Instructions to follow: Transcribe exactly the lines below that begin at the line with "In addition to" and stop after the line with "The rich earth", leaving out every picture.

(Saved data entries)
════════

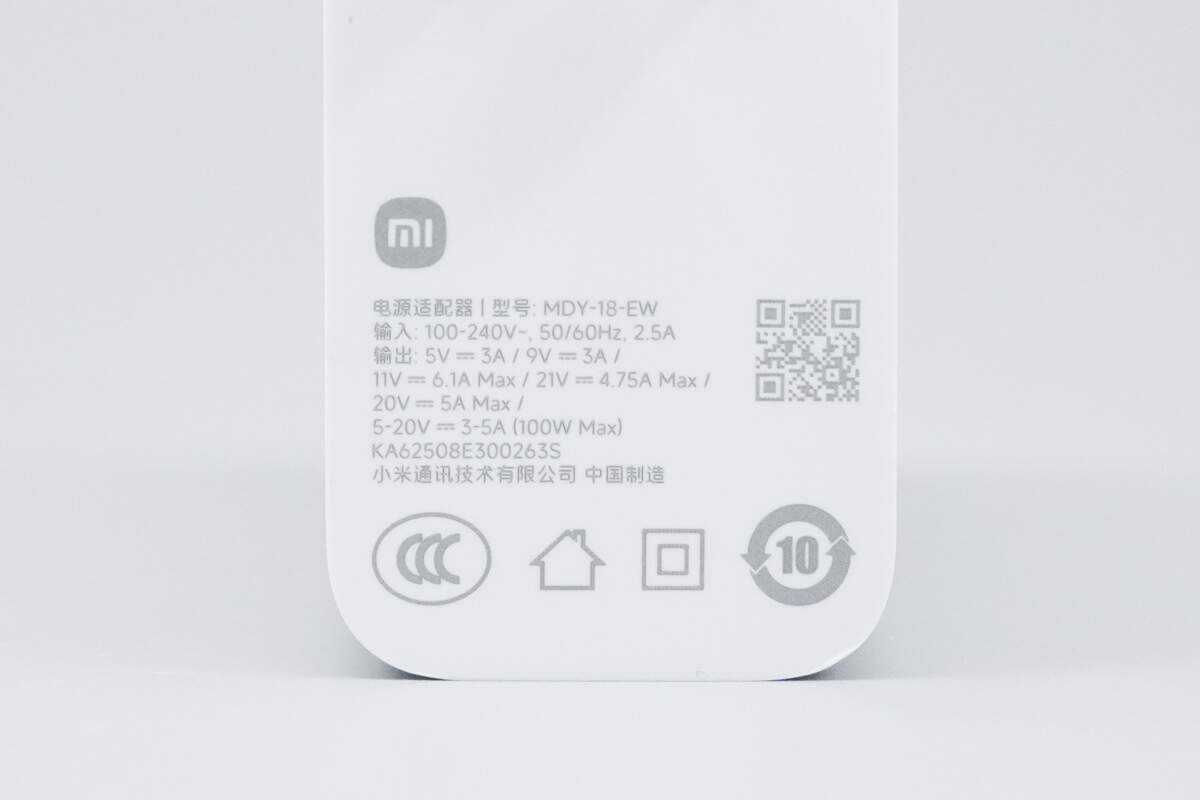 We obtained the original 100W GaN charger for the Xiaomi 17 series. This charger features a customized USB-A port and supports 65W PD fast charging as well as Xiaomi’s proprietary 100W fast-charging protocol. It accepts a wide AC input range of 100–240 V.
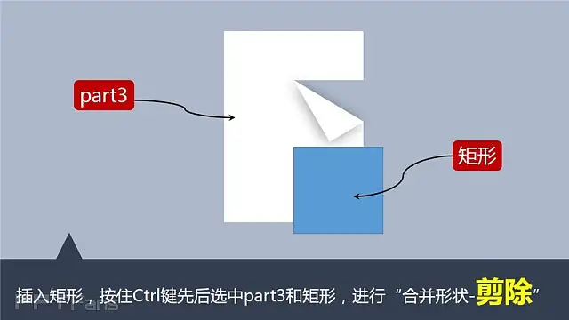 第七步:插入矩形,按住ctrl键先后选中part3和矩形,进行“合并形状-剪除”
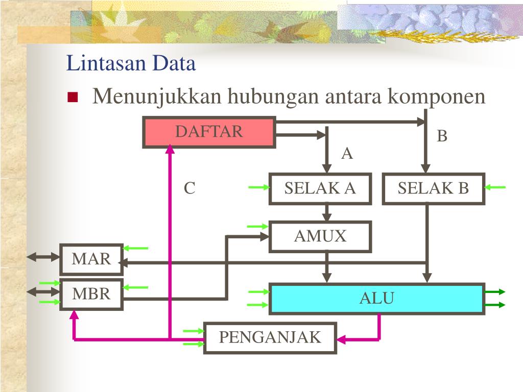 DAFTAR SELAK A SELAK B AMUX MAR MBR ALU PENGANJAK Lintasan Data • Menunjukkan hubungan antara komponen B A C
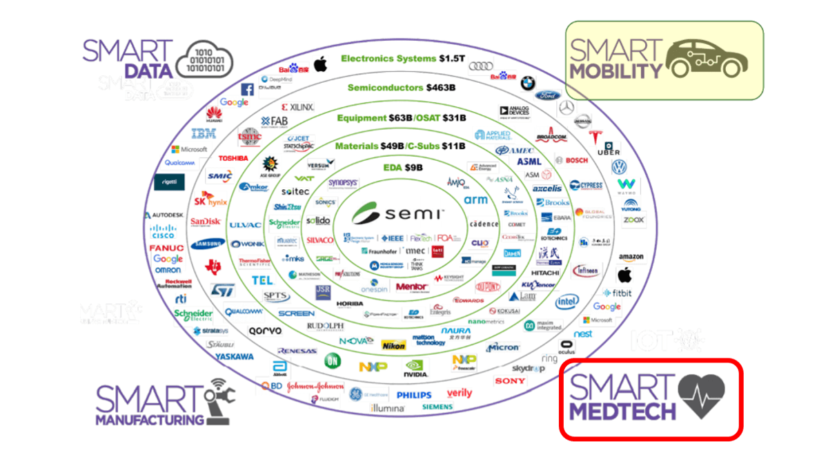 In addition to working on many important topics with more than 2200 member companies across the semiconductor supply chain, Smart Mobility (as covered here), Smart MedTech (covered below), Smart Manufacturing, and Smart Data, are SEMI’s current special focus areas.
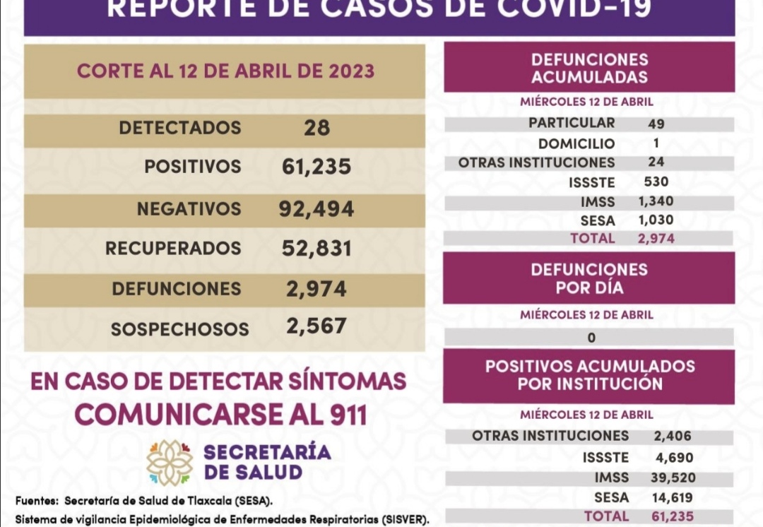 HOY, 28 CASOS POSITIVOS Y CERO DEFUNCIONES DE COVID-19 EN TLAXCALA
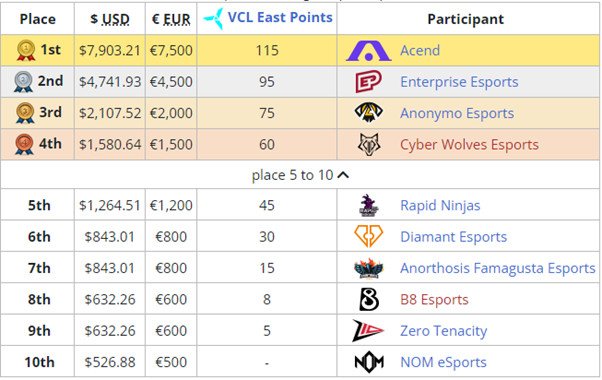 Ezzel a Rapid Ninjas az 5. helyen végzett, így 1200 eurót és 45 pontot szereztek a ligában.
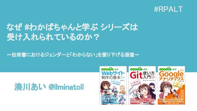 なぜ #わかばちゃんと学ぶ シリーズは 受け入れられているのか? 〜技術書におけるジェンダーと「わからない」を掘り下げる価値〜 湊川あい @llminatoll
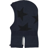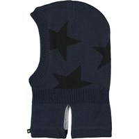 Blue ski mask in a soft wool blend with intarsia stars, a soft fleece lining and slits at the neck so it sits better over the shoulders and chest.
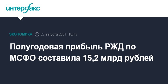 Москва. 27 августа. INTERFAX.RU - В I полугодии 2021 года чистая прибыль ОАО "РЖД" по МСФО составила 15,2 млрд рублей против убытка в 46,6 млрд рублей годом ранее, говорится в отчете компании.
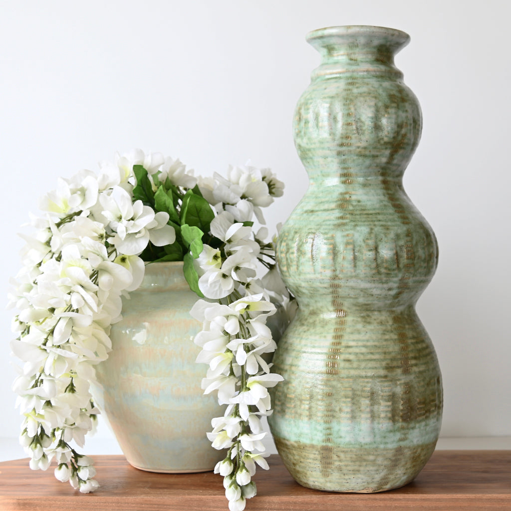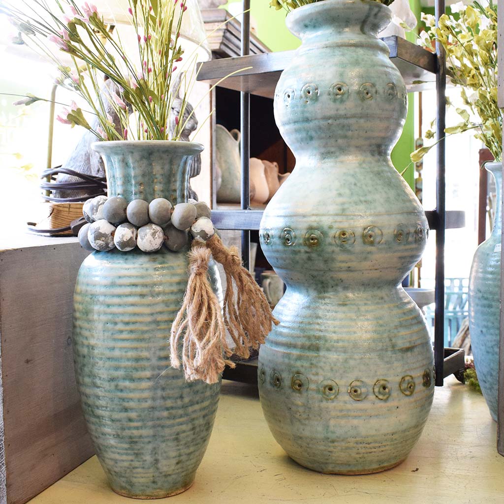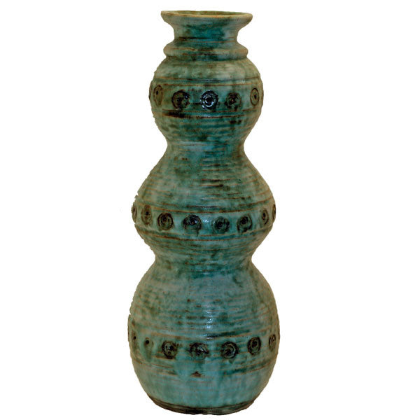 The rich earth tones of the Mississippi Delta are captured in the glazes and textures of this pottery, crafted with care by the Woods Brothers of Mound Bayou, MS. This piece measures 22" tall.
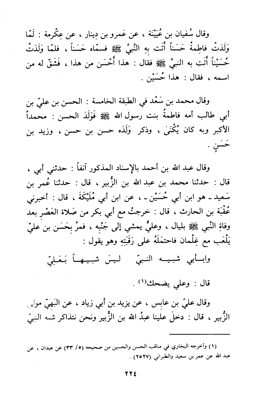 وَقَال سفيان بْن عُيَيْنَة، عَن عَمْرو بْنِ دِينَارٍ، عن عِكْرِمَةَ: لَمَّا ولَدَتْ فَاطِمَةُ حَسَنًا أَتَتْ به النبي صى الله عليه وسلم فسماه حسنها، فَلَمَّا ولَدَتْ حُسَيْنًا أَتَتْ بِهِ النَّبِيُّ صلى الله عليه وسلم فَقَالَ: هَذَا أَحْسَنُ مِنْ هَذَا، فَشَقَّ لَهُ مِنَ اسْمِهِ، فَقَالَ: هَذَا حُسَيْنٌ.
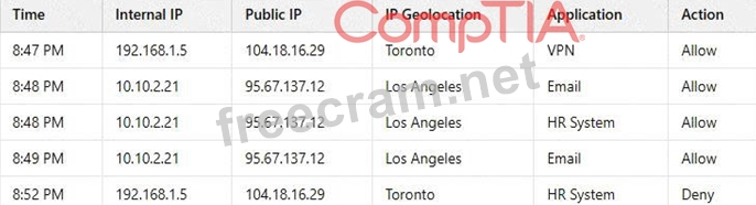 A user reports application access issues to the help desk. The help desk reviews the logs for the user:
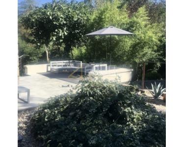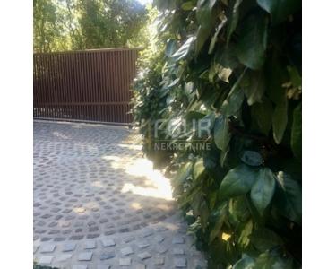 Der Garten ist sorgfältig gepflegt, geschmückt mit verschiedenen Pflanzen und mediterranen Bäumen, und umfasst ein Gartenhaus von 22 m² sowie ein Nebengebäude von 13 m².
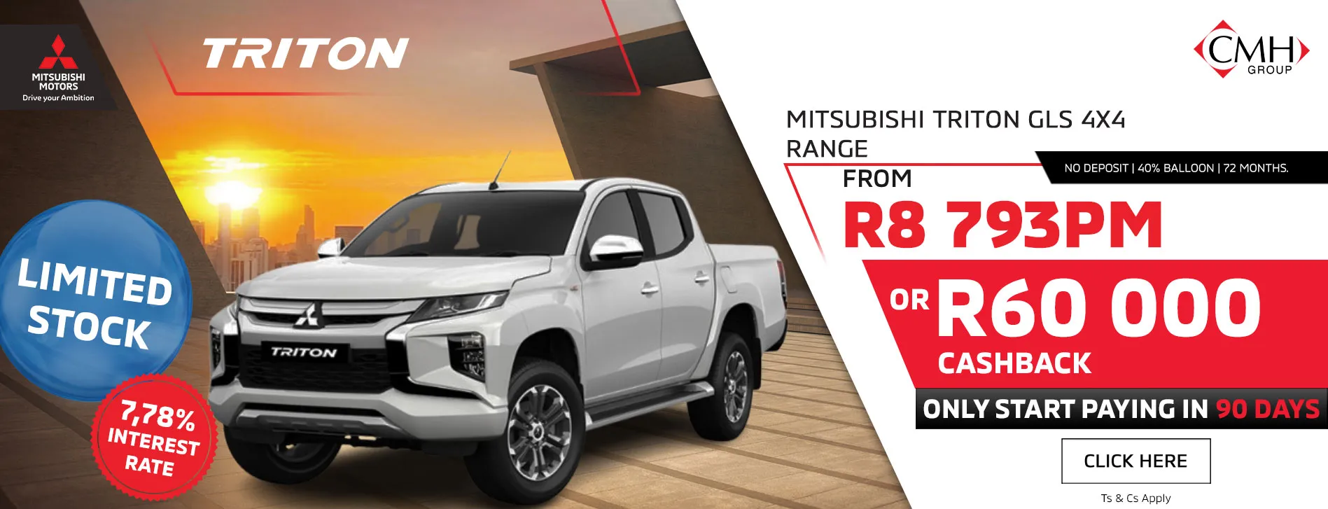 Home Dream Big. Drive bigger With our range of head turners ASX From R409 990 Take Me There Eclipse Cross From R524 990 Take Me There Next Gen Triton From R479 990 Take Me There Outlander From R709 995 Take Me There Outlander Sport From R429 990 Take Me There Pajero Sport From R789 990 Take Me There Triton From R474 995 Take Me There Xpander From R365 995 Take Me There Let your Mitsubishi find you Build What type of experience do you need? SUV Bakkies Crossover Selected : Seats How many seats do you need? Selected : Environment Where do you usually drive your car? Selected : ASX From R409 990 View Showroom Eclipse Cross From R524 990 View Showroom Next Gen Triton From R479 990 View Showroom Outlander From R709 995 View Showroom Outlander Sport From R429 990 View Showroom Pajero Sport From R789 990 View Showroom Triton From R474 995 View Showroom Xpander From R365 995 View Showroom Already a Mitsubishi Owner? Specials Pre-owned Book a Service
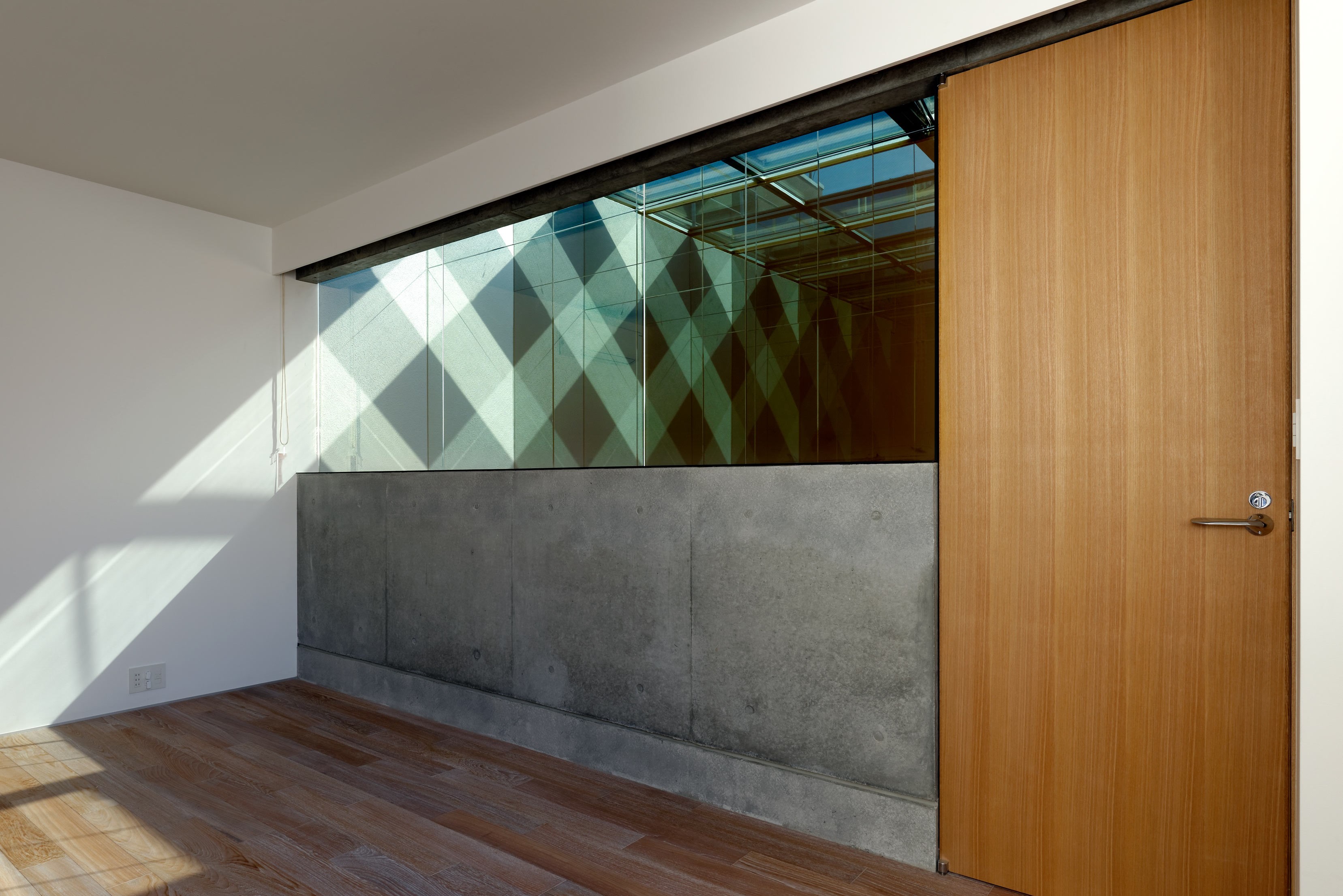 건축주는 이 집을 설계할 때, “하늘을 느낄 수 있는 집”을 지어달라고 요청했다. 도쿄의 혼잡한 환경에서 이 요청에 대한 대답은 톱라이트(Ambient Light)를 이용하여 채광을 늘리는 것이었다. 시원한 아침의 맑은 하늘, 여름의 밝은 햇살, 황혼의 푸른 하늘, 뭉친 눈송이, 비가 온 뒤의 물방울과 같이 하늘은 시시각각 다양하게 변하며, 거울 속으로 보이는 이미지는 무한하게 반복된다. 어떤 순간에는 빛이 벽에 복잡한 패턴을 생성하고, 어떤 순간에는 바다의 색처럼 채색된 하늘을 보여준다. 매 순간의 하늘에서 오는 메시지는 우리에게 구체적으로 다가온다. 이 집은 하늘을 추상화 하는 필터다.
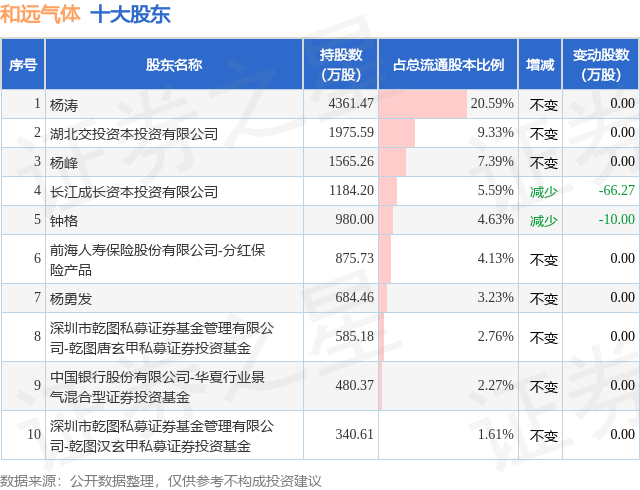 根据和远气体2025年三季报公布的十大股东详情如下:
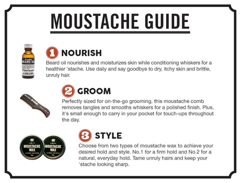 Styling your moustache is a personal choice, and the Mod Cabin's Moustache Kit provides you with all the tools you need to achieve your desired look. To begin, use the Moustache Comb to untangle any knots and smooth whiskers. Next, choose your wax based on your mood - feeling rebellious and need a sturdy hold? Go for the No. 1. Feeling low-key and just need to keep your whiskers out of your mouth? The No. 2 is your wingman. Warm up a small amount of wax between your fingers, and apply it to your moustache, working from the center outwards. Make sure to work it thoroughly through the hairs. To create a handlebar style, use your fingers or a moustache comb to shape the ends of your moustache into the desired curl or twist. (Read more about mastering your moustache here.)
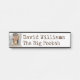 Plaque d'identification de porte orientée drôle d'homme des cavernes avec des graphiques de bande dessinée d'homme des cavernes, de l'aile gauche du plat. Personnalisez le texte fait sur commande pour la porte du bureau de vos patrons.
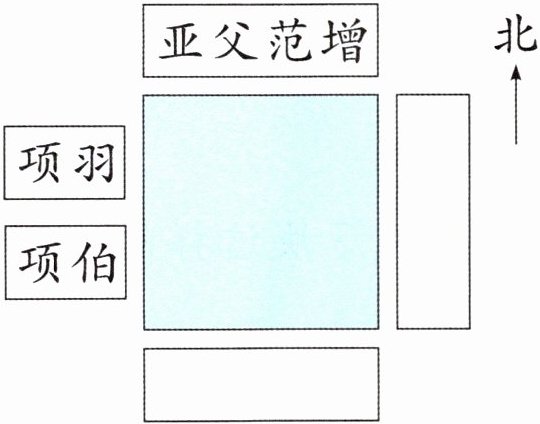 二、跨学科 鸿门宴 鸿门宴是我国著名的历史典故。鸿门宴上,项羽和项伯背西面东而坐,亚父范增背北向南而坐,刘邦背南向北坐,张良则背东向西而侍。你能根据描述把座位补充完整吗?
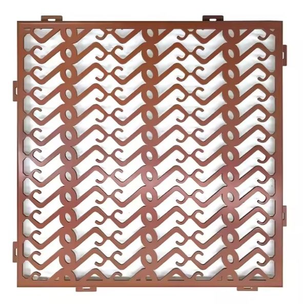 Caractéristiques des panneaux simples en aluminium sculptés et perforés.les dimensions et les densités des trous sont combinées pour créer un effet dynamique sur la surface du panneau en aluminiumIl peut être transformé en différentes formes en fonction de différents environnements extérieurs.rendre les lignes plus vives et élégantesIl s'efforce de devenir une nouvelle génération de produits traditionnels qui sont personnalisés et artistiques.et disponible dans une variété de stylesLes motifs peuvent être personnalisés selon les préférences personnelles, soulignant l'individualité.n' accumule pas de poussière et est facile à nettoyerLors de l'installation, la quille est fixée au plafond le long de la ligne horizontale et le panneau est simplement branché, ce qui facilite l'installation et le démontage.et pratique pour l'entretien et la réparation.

════════

Result for this exercise:
 In addition to working on many important topics with more than 2200 member companies across the semiconductor supply chain, Smart Mobility (as covered here), Smart MedTech (covered below), Smart Manufacturing, and Smart Data, are SEMI’s current special focus areas.
 HOY, 28 CASOS POSITIVOS Y CERO DEFUNCIONES DE COVID-19 EN TLAXCALA
 Ezzel a Rapid Ninjas az 5. helyen végzett, így 1200 eurót és 45 pontot szereztek a ligában.
 なぜ #わかばちゃんと学ぶ シリーズは 受け入れられているのか? 〜技術書におけるジェンダーと「わからない」を掘り下げる価値〜 湊川あい @llminatoll
 Blue ski mask in a soft wool blend with intarsia stars, a soft fleece lining and slits at the neck so it sits better over the shoulders and chest.
 Москва. 27 августа. INTERFAX.RU - В I полугодии 2021 года чистая прибыль ОАО "РЖД" по МСФО составила 15,2 млрд рублей против убытка в 46,6 млрд рублей годом ранее, говорится в отчете компании.
 The rich earth tones of the Mississippi Delta are captured in the glazes and textures of this pottery, crafted with care by the Woods Brothers of Mound Bayou, MS. This piece measures 22" tall.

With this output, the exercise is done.